--- Exercise ---
The entries are to be written out word for word, with their images left out.

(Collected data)

▽

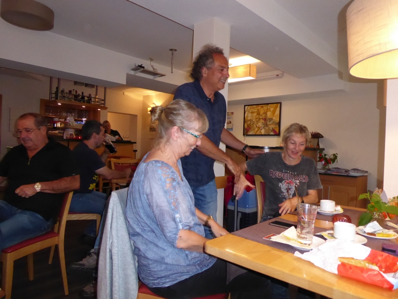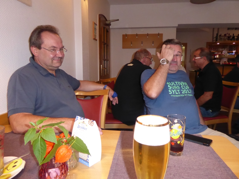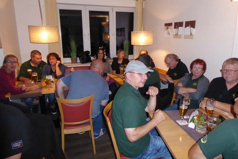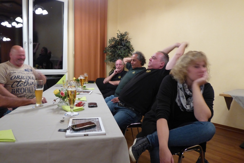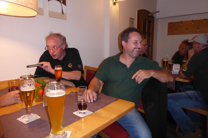 Wir hatten an dem Abend noch viel Spaß, Edgar und Holger machten Lockerungsübungen im Sitzen und zum Schluss tranken einige noch Feuerwasser. Wegen der Heimreise am nächsten Morgen wurde es nicht so spät wie am Vorabend.
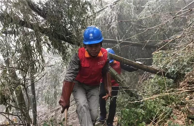 12月10日,江西上饒市上饒供電公司員工黃大金、胡高海在10千伏前程線190號(hào)桿附近清除被冰棱壓倒的樹障。(劉小珍)
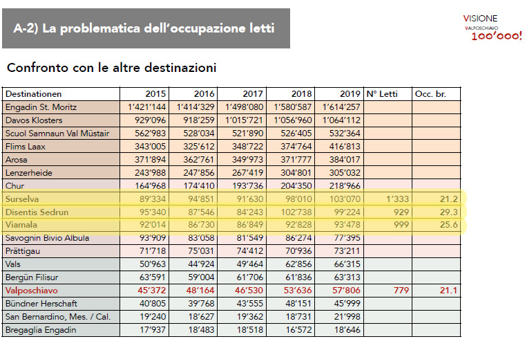 Nella tabella qui sopra vediamo i pernottamenti annuali in alcune della altre località nei Grigioni che, seppure avendo a disposizione un numero maggiore di letti rispetto alla Valposchiavo rapportati all’occupazione massima possibile, sono appena poco superiori percentualmente. L’obiettivo di Visione Valposchiavo 100’000 è anche quello di confrontarsi e raggiungere i numeri di località come Surselva, Disentis Sedrun e Viamala, che vengono considerate turisticamente di fascia media nel Cantone.
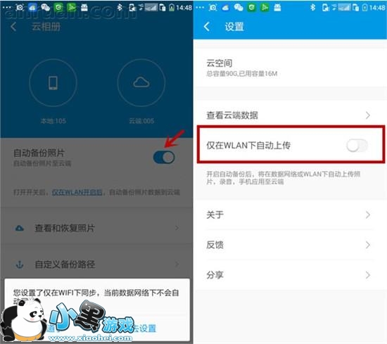 进入云相册后,打开自动备份照片的开关,您会看到提示“您设置了仅在WIFI下同步,当前数据网络下不会同步”。我们为了保护您的个人数据流量,默认设置仅在WIFI下为您上传照片、录音、手机应用等数据。您也可以点击“去设置”进行更改。
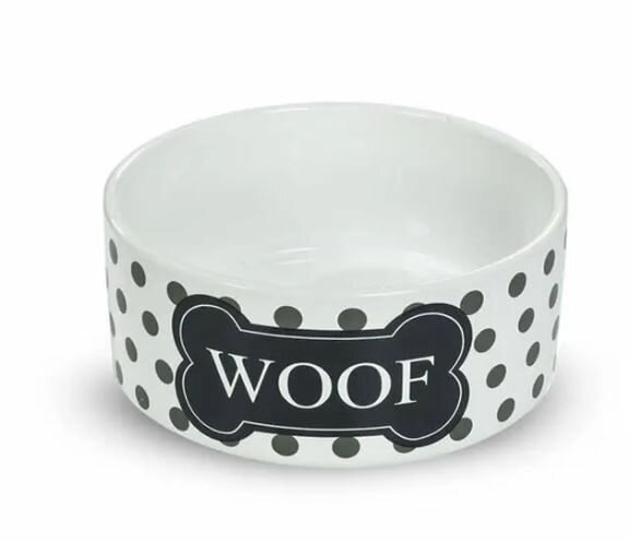 10 цен на Миска керамическая бело-черная "Woof" для собак, 12,5х5 см, 440 мл, N1

△

--- Solution for this exercise ---
 Wir hatten an dem Abend noch viel Spaß, Edgar und Holger machten Lockerungsübungen im Sitzen und zum Schluss tranken einige noch Feuerwasser. Wegen der Heimreise am nächsten Morgen wurde es nicht so spät wie am Vorabend.
 12月10日,江西上饒市上饒供電公司員工黃大金、胡高海在10千伏前程線190號(hào)桿附近清除被冰棱壓倒的樹障。(劉小珍)
 Nella tabella qui sopra vediamo i pernottamenti annuali in alcune della altre località nei Grigioni che, seppure avendo a disposizione un numero maggiore di letti rispetto alla Valposchiavo rapportati all’occupazione massima possibile, sono appena poco superiori percentualmente. L’obiettivo di Visione Valposchiavo 100’000 è anche quello di confrontarsi e raggiungere i numeri di località come Surselva, Disentis Sedrun e Viamala, che vengono considerate turisticamente di fascia media nel Cantone.
 进入云相册后,打开自动备份照片的开关,您会看到提示“您设置了仅在WIFI下同步,当前数据网络下不会同步”。我们为了保护您的个人数据流量,默认设置仅在WIFI下为您上传照片、录音、手机应用等数据。您也可以点击“去设置”进行更改。
 10 цен на Миска керамическая бело-черная "Woof" для собак, 12,5х5 см, 440 мл, N1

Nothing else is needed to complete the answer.